#### PROBLEM TO WORK ON
Write out the opening lines of the data word for word, up to and including the line with "Female hands holding", and leave every picture and every later line out.
*** DATA EXCERPTS ***
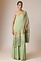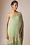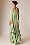 Featuring a sage green cape in georgette base with embroidery. It is paired with sharara and an inner. Style it with kundan polki earrings and block heels, perfect for mehendi ceremony or cozy family get-togethers.
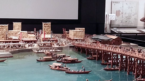 7층으로 된 에도도쿄박물관은 6층과 5층이 상설전시관이다. 1층에서 표를 사서 6층의 상설전시관으로 들어서면 니혼바시(日本橋)가 버티고 있는데 바로 에도로 들어가는 관문과도 같은 이 다리를 건너면 당시 에도성(江戸城)과 이 성에 살던 장수들의 집(屋敷, 야시키) 모형이 재현되어있다.
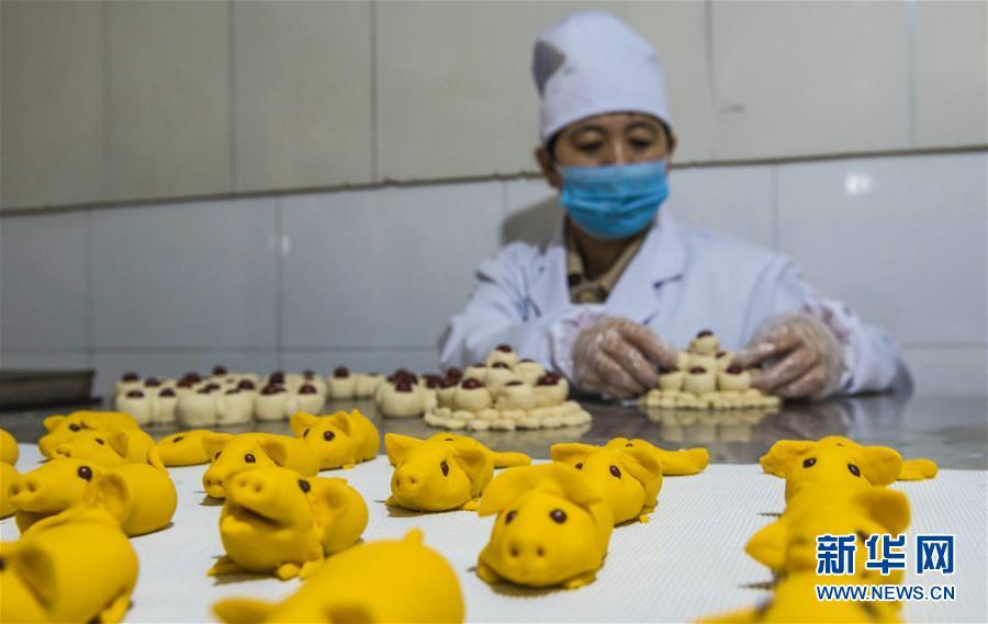 1月31日,河北黃驊市一家面花作坊的工人用面花模子制作面花。 河北黃驊市有著過年蒸面花的習俗。春節(jié)前夕,當?shù)孛婊ㄖ谱鞴S加班加點制作面花,供應春節(jié)市場。 新華社記者牟宇攝
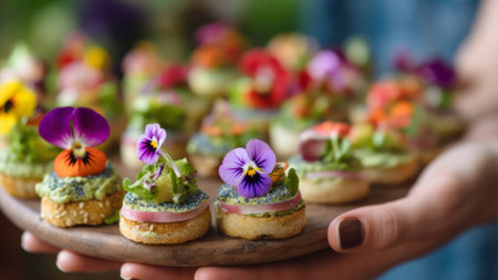 Female hands holding delicious canapes with edible flowers, closeup view
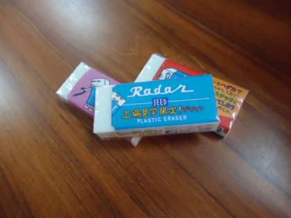 その後、質問タイムでは、工場の方から消しゴムの歴史などについても教えていただき、お土産に社会見学限定の消しゴムをいただきました。
***
#### EXERCISE ANSWER
 Featuring a sage green cape in georgette base with embroidery. It is paired with sharara and an inner. Style it with kundan polki earrings and block heels, perfect for mehendi ceremony or cozy family get-togethers.
 7층으로 된 에도도쿄박물관은 6층과 5층이 상설전시관이다. 1층에서 표를 사서 6층의 상설전시관으로 들어서면 니혼바시(日本橋)가 버티고 있는데 바로 에도로 들어가는 관문과도 같은 이 다리를 건너면 당시 에도성(江戸城)과 이 성에 살던 장수들의 집(屋敷, 야시키) 모형이 재현되어있다.
 1月31日,河北黃驊市一家面花作坊的工人用面花模子制作面花。 河北黃驊市有著過年蒸面花的習俗。春節(jié)前夕,當?shù)孛婊ㄖ谱鞴S加班加點制作面花,供應春節(jié)市場。 新華社記者牟宇攝
 Female hands holding delicious canapes with edible flowers, closeup view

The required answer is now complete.